**RECORD SET**
'''
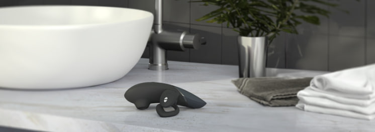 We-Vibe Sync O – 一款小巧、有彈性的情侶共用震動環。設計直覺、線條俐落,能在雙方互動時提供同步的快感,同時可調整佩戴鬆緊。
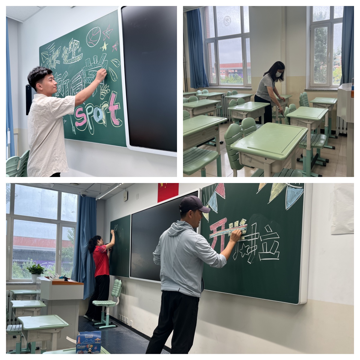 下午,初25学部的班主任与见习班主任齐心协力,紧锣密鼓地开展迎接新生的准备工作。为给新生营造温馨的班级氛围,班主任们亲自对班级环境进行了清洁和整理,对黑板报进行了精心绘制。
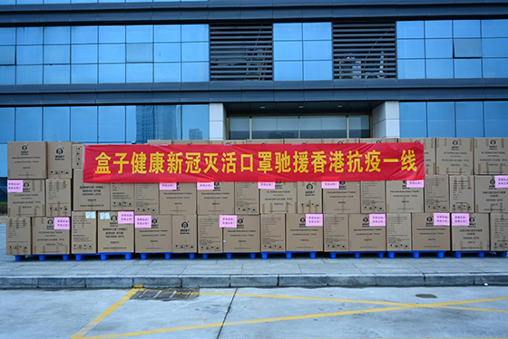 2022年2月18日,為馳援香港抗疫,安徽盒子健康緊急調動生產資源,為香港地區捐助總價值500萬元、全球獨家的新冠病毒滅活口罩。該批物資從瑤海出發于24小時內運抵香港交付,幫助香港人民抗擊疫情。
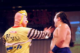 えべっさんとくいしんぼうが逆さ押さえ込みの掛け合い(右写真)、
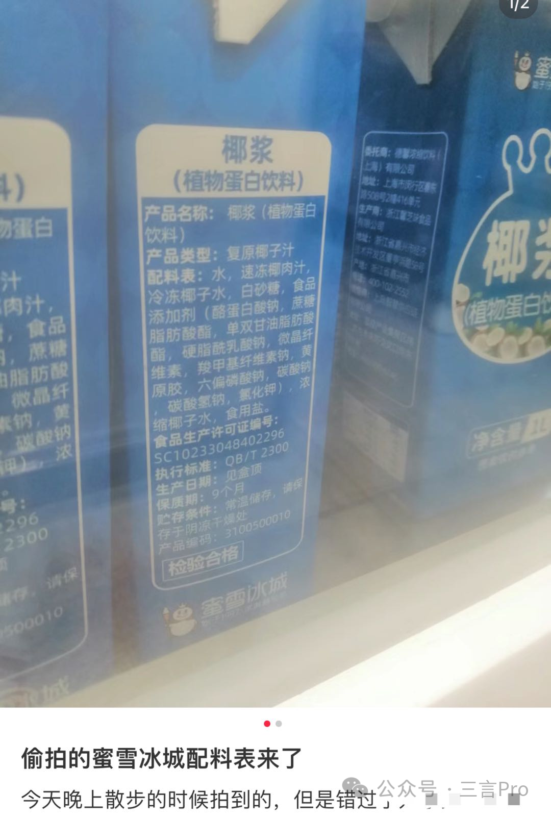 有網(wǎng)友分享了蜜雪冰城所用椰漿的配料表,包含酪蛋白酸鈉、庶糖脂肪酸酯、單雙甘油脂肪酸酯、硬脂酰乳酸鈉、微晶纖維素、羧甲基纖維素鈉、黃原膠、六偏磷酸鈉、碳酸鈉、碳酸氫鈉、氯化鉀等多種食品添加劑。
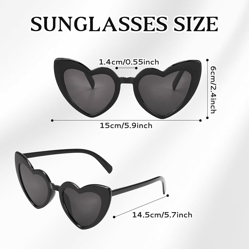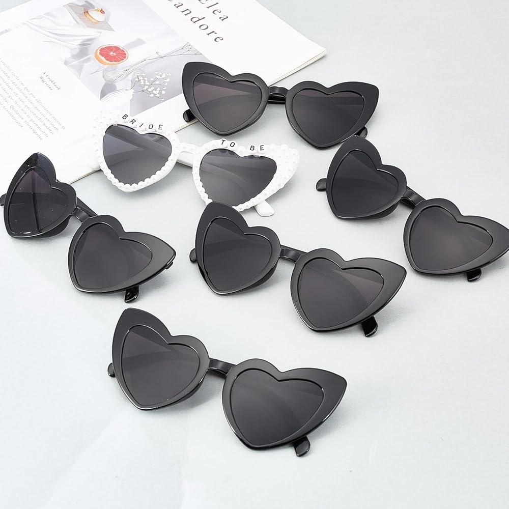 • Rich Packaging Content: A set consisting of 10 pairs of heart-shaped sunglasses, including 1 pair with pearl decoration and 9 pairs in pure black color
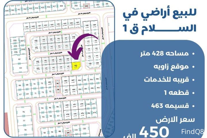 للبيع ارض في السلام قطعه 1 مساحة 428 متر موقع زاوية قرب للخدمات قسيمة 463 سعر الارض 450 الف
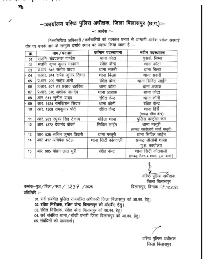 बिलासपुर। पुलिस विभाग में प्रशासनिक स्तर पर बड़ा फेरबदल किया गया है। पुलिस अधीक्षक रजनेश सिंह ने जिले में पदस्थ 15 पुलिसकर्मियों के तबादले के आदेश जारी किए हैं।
'''
'''
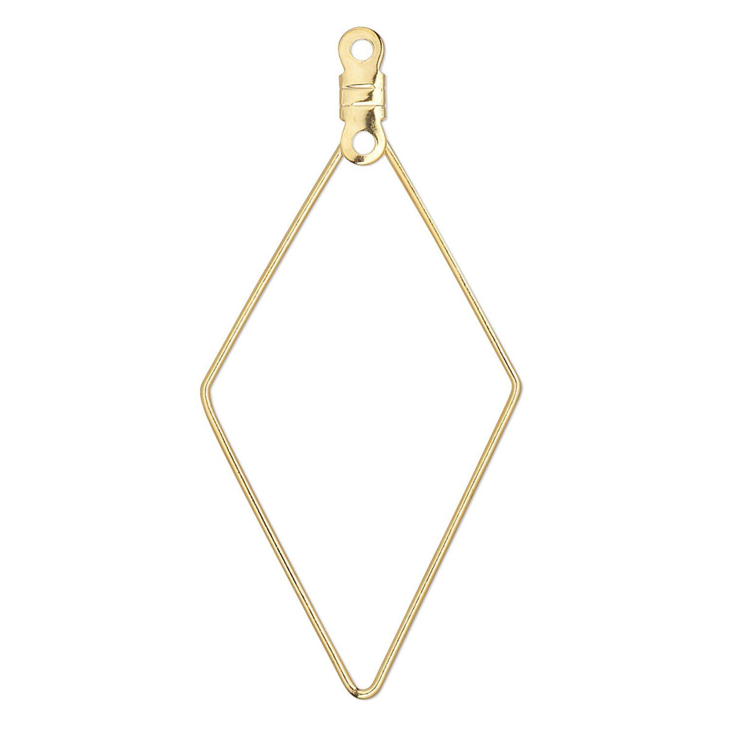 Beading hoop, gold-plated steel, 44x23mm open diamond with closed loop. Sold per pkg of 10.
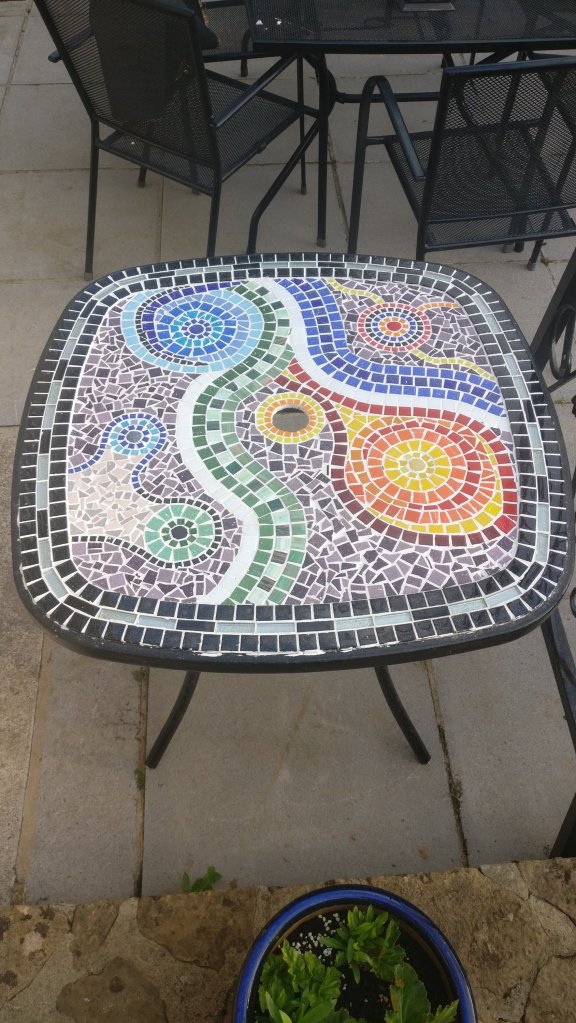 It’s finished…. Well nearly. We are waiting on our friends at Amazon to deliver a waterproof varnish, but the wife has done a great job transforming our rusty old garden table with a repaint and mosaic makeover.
'''
**ACTION ITEM**
Range to copy from the listing above: the line with "pure black color" through the line with "बिलासपुर। पुलिस विभाग". Transcribe it exactly and skip the pictures.

**OUTPUT FOR THIS TASK**
 • Rich Packaging Content: A set consisting of 10 pairs of heart-shaped sunglasses, including 1 pair with pearl decoration and 9 pairs in pure black color
 للبيع ارض في السلام قطعه 1 مساحة 428 متر موقع زاوية قرب للخدمات قسيمة 463 سعر الارض 450 الف
 बिलासपुर। पुलिस विभाग में प्रशासनिक स्तर पर बड़ा फेरबदल किया गया है। पुलिस अधीक्षक रजनेश सिंह ने जिले में पदस्थ 15 पुलिसकर्मियों के तबादले के आदेश जारी किए हैं।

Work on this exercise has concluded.